My wife and I were having dinner with another couple at a fishing lodge in Montana. It was interrupted when a fellow fisherman in a drunken rant began to regale us with tales of the houses of ill-repute he had visited.
Though his comments were crass and offensive. I caught a note of pathos in his voice and thought of something G.K. Chesterton had said: "Even when men knock on the door of a brothel theyre looking for God."
Chesterton was right. Many desires are evidence of a deeper hunger for God. This man, who seemed so far from God, was closer than he realized.
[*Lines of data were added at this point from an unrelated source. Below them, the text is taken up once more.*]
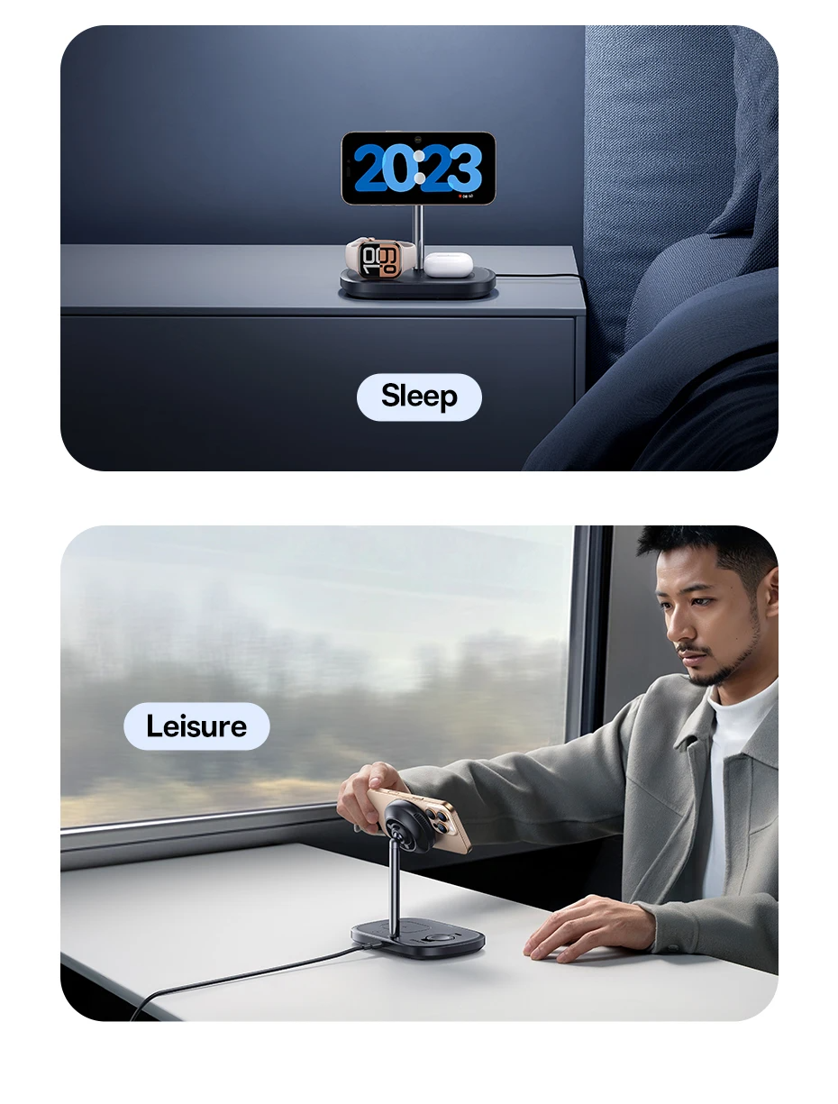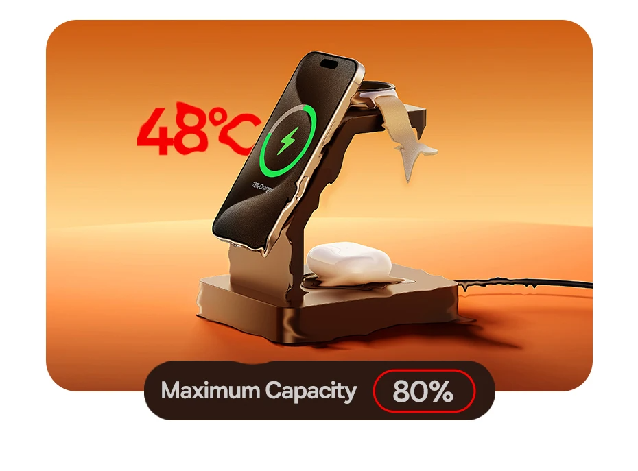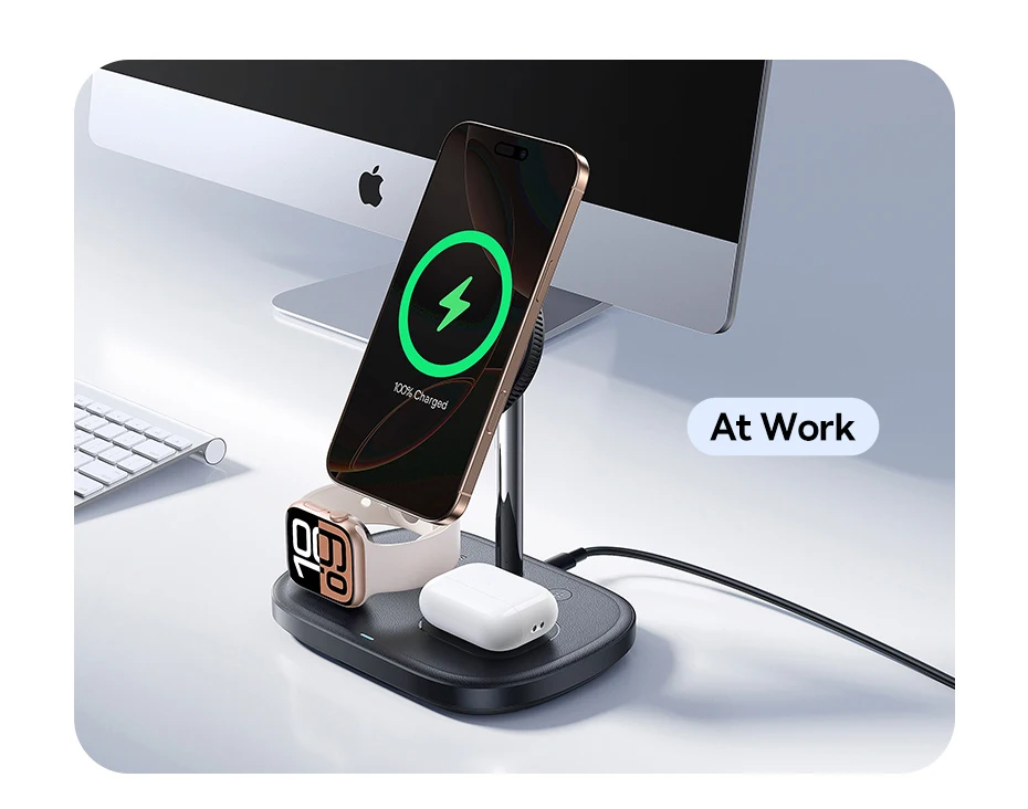 Carregamento 3 em 1 Sem Fio: Ideal para usuários Apple: carregue iPhone (até 15W), AirPods (até 5W) e Apple Watch (até 2,5W) simultaneamente com praticidade e design elegante: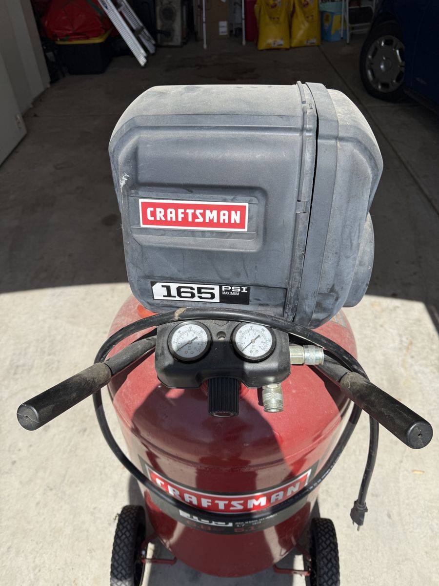 VenmoOlder Craftsman Air Compressor. Works just fine. Has a small leak from the air compressor to the tank (fixed with a rubber air hose). $50 obo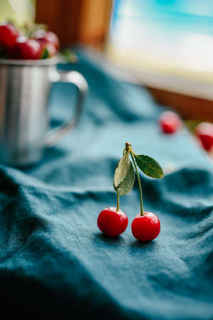 Ripe cherries in a mug. Good Morning Concept Cottagecore Aesthetics. Rustic, vintage style. Selective focus. Macro
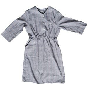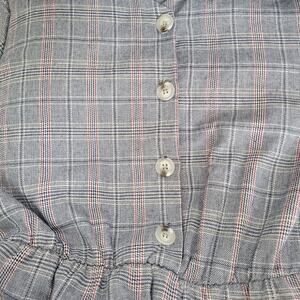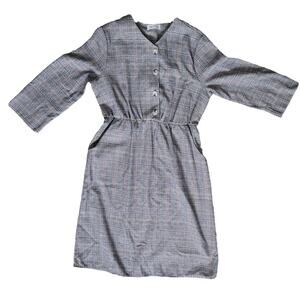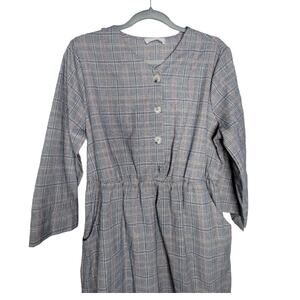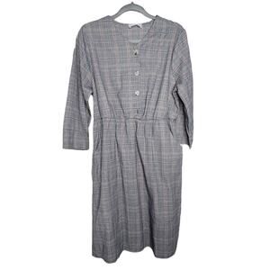Ces Femme Plaid Long Sleeve Button Front Gray/Red Plaid Dress Women Sz Large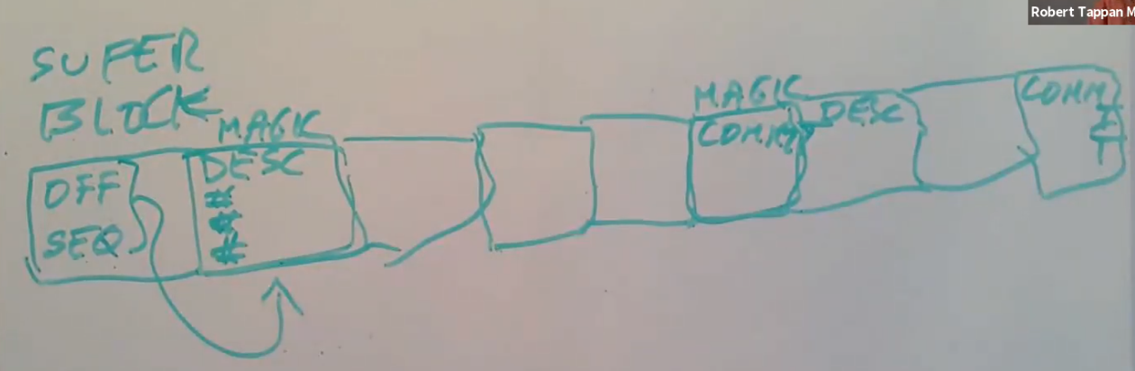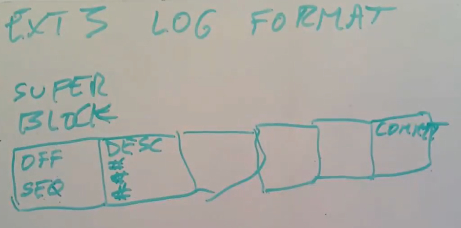 因为log中可能有多个transaction,commit block之后可能会跟着下一个transaction的descriptor block,data block和commit block。所以log可能会很长并包含多个transaction。我们可以认为super block中的起始位置和序列号属于最早的,排名最靠前的,并且是有效的transaction。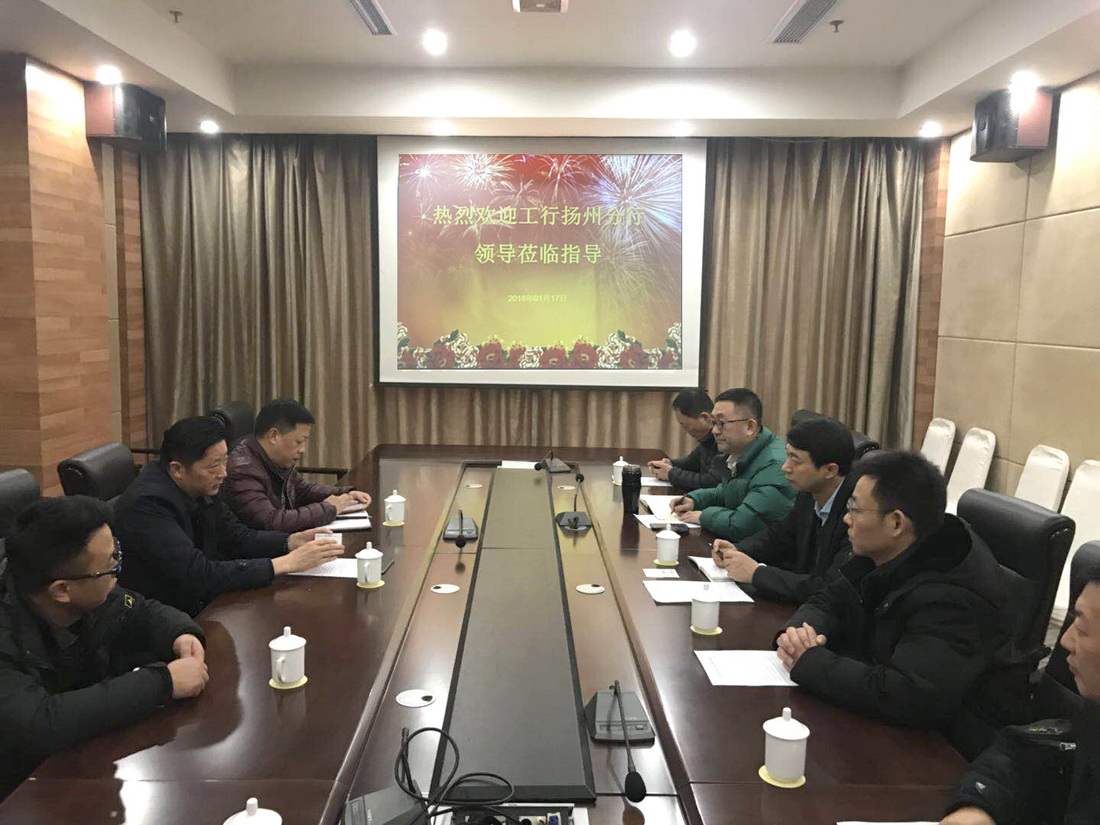 近日,中國工商銀行揚州分行張濤副行長、公司業(yè)務(wù)部總經(jīng)理郭超等一行5人蒞臨集團考察調(diào)研,董事長管民良、財務(wù)總監(jiān)郭正基等接待了考察團一行,并就加強銀企合作進(jìn)行了座談交流。

Every man knows he was made for lofty pursuits, yet he easily wanders into paths that demean and debase him. He becomes less manly than he ought to be, and he knows it. Theres a nagging feeling that he ought to be something more. Some cover it up with self-righteousness, as the Pharisees did, or else they ignore it. Others know they have lost their way. That elusive feeling, when followed up, may bring them to God.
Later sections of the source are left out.